AUTHOR=Henriquez Maria , Sumner Jacob , Faherty Mallory , Sell Timothy , Bent Brinnae TITLE=Machine Learning to Predict Lower Extremity Musculoskeletal Injury Risk in Student Athletes JOURNAL=Frontiers in Sports and Active Living VOLUME=2 YEAR=2020 URL=https://www.frontiersin.org/journals/sports-and-active-living/articles/10.3389/fspor.2020.576655 DOI=10.3389/fspor.2020.576655 ISSN=2624-9367 ABSTRACT=

Injury rates in student athletes are high and often unpredictable. Injury risk factors are not agreed upon and often not validated. Here, we present a random-forest machine learning methodology for identifying the most significant injury risk factors and develop a model of lower extremity musculoskeletal injury risk in student athletes with physical performance metrics spanning joint strength measured with force transducers, postural stability measured using a force plate, and flexibility, measured with a goniometer, combined with previous injury metrics and athlete demographics.

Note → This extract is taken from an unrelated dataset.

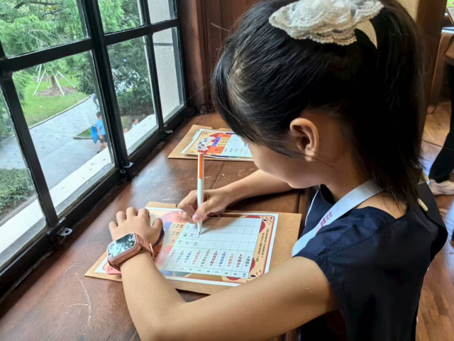“听到20世纪30年代老唱机播放的声音,我感觉像是穿越到了过去。”马上就要升七年级的何同学认真写下自己对歌曲的评分,《国际歌》《渔光曲》《卖报歌》……这些爷爷奶奶哼唱的歌让她感觉既熟悉又陌生,“这次的活动代入了故事剧情,每个人还要完成任务,更加引人入胜,让我们更有学习的兴趣。”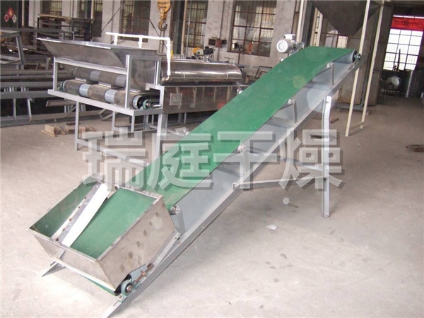带挡板、裙边式皮带输送机是在输送带上增设提升挡板、裙边等附件,用来程度或提升输送散状物料。广泛运用于化工、食品、制药等行业,可以用来向反应釜、包装机料仓的投料,也可以用在各种机器之间物料的连接输送。其输送量高,结构简单,维修方便,成本小,功耗低,又不会损坏被输送物体,是传统的螺旋输送机,斗式提升机的更新替换产品。

We tested our model in a population of 122 student athletes with performance metrics for the lower extremity musculoskeletal system and achieved an injury risk accuracy of 79% and identified significant injury risk factors, that could be used to increase accuracy of injury risk assessments, implement timely interventions, and decrease the number of career-ending or chronic injuries among student athletes.